It goes without saying that this was a technically brilliant show, another Noitamina masterpiece. The BGM was as good as any this season, the first OP one of the best of the year. The direction really brought to mind a fine live-action film, with the matter-of-fact depictions of brutality, long panning shots of the mountain landscapes and the delicately choreographed conversations between Seishin and Sunako. It was a terrific show all around – a true masterpiece. Suspenseful, disturbing, challenging – an intricate web of dozens of characters inter-woven together with amazing dexterity and elegance. To have adapted a series with so much complexity of plot and so many important characters is a great achievement. In the end, if the ending was a failure it can be forgiven – endings are hard, no matter how good the rest of the series is. That end certainly did disappoint, though – I won’t deny that.

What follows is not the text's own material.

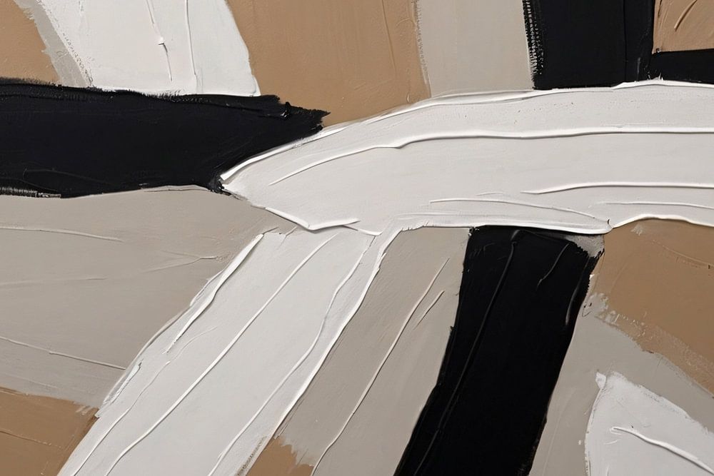 Ontdek de harmonie tussen eenvoud en visuele rust met dit minimalistische kunstwerk. De subtiele overlapping van vormen in tinten van beige, zwart en wit zorgen voor een uitgebalanceerd palet dat rust en ingetogen elegantie uitstraalt. Elk element in deze compositie draagt bij aan een gevoel van sereniteit, waardoor dit stuk een perfecte toevoeging is voor diegenen die waarde hechten aan moderne, gestroomlijnde interieurs. Of het nu wordt opgehangen in een drukke woonkamer of een stille studeerkamer, dit kunstwerk is een oase van kalmte die de omgeving complementeert zonder deze te overweldigen. Een tijdloos stuk dat nooit uit de mode raakt en bij elke verandering van seizoen of inrichting zijn relevante schoonheid behoudt.

How do you feel watching Shiki? Do you feel sympathy for Sunako or merely want to see her meet the fate she deserves? Are you as disturbed by the shocking brutality of the human villagers as you were the sadistic harvesting of the village by the Shiki, pitting family against itself and sparing no one? Is there any redemptive quality to Seishin in your eyes, or does he disgust and repulse you? These are questions everyone who watches the series will have to answer for themselves. I suppose those answers will strongly influence your feelings about the way the show wrapped, pending the DVD special episodes. I applaud the series for challenging and provoking the audience, for making us think and driving us to anger and horrifying us. It was brilliant – a work of art and a dramatic masterpiece.



  1. S

    I have to say after finishing this show, it was memorable and your review is excellent also agreeing on things you pointed out. As a person who believes in eye for an eye logic, yes, shiki had it coming. They started the whole thing first and the whole gang was too overconfident, I was looking forward to the finale.

  2. Thanks for posting, Soliloquy. It is indeed a memorable show, and I hope you're watching the DVD extra eps.